Avere un figlio è una delle meraviglie della vita. Per qualche donna, però, il percorso sanitario che la porterà a diventare mamma inizia subito a ostacoli. Non certo per la scelta della struttura dove partorire, dato che in Italia ci sono moltissime eccellenze; e nemmeno per le ostetriche, i ginecologi, e i tanti professionisti coinvolti nel parto, a cui è possibile affidarsi con serenità. Il vero ostacolo è che, se la mamma è sorda, ogni passaggio di questo percorso può generare dubbi, mancate informazioni, paure immotivate: riuscirà ad essere rassicurata durante l’ecografia di controllo? Potrà seguire correttamente le indicazioni dell’ostetrica durante il parto? Per questo il Policlinico di Milano insieme all’Agenzia per la tutela della salute (ATS) di Milano hanno realizzato un video speciale: per aiutare le donne sorde a infrangere questa barriera, e per restituire loro la serenità che ogni futura mamma dovrebbe avere.

Il video, primo di una serie di iniziative sul tema, è dedicato ad un momento molto importante per ogni mamma: spiega con parole semplici, ma nel dettaglio, quando è il momento di andare in ospedale a partorire.
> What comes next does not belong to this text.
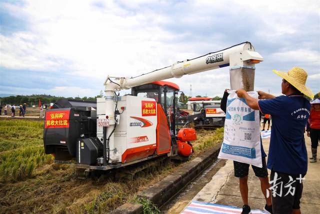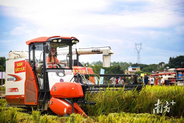 比赛当天,来自广州水稻主产区农机社会化服务组织的10名机手在田间地头同台比武,考验选手们的不仅仅是速度,还有收割作业过程中的操作熟练程度、作业效率、损失率、割茬高度、有无漏收等作业情况。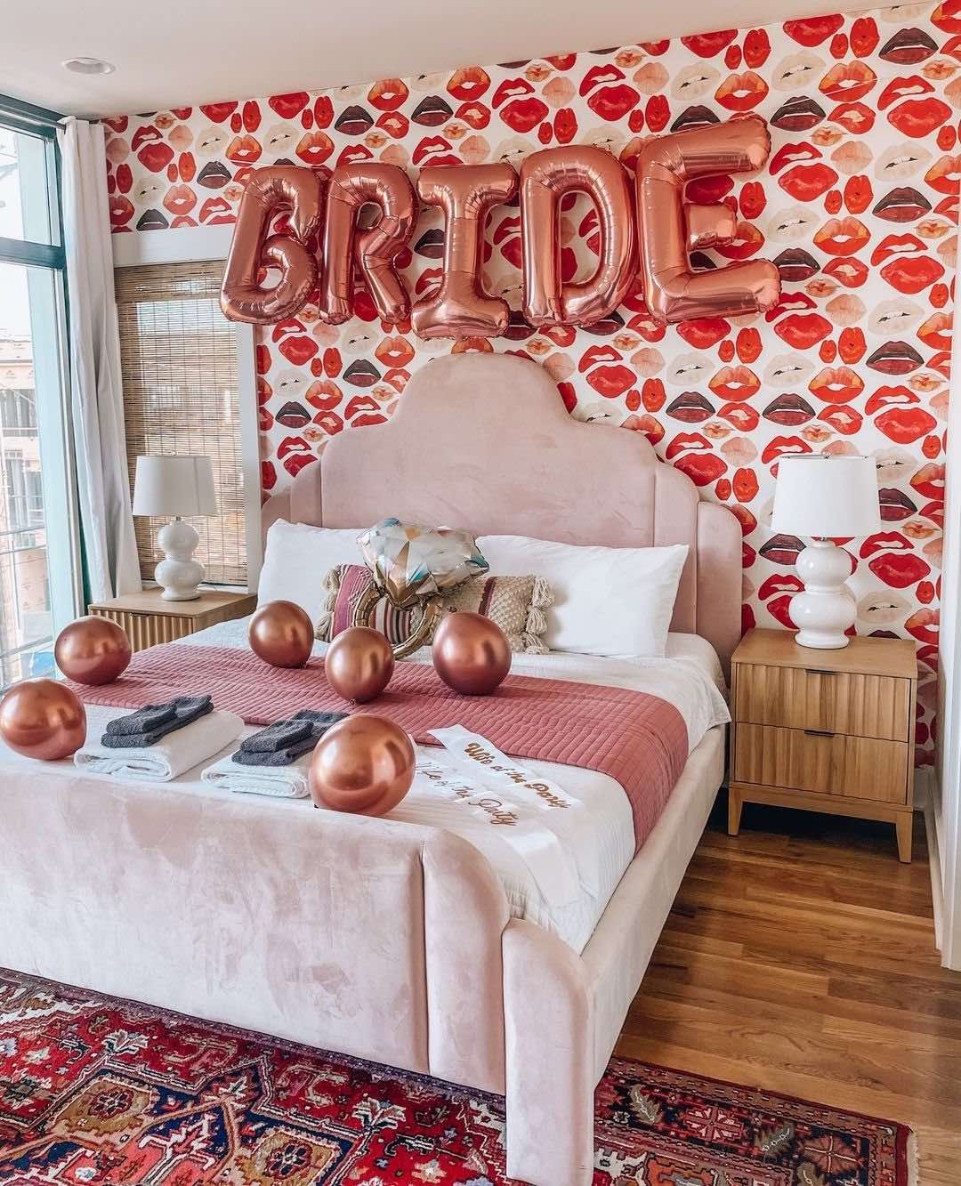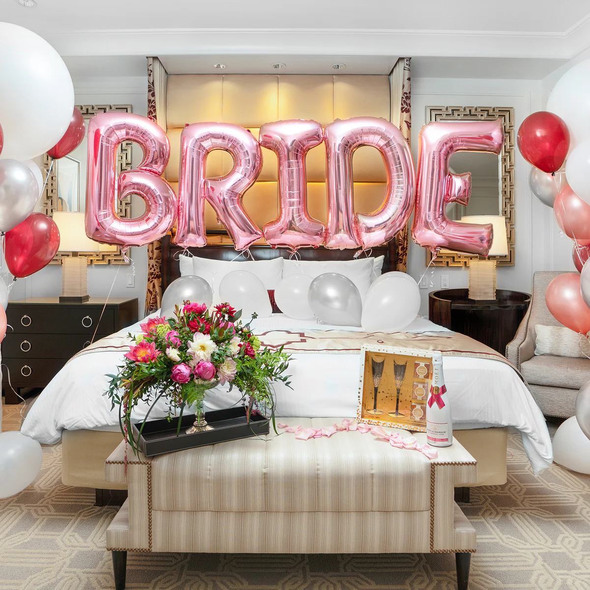 - Cozy room decor with LED lights, balloon ceilings, rose petals, and dreamy bed setups

Si è scelto di partire da qui perché le donne sorde spesso non partecipano al corso pre-parto a causa della loro diversità, e proprio per questo non imparano le informazioni base per capire se la gravidanza sta proseguendo nel modo giusto, per avvertire i primi segnali di qualche problema, e per interpretare quelle sensazioni che dicono che il bimbo sta per nascere. Il video spiega loro tutto questo in pochi minuti, e lo fa sia con la lingua dei segni, sia con delle chiare infografiche, sia con dei sottotitoli. Inoltre, il video è il formato ideale per essere visto su un sito, uno smartphone o un tablet, per essere condiviso con altre persone, per essere guardato da più persone insieme (una mamma sorda può leggere la lingua dei segni, mentre un papà o un amico udente può ascoltare l’audio o leggere i sottotitoli). E ancora, essendo il video pubblicato sulla piattaforma Youtube, è possibile tradurre i sottotitoli in 190 lingue diverse, rendendolo così prezioso anche per le tante famiglie di lingua straniera che fanno nascere i loro figli in Italia.

“La gravidanza è un momento positivo che va vissuto con pienezza da chiunque – ha spiegato Ezio Belleri, direttore generale del Policlinico di Milano – ed è un bisogno che conosciamo bene, dato che nella nostra Clinica Mangiagalli nascono oltre 5.500 bambini l’anno, portandoci ad essere il punto nascita più attivo d’Italia. Quello che abbiamo voluto creare è un primo ma importante passo per migliorare l’accessibilità al servizio sanitario da parte di chiunque: non a caso il nostro video è concepito per aiutare non solo chi ha una diversità uditiva, ma anche linguistica”. I contenuti del video sono stati realizzati insieme ai ginecologi e alle ostetriche della Clinica Mangiagalli, proprio per certificare le informazioni con la massima affidabilità.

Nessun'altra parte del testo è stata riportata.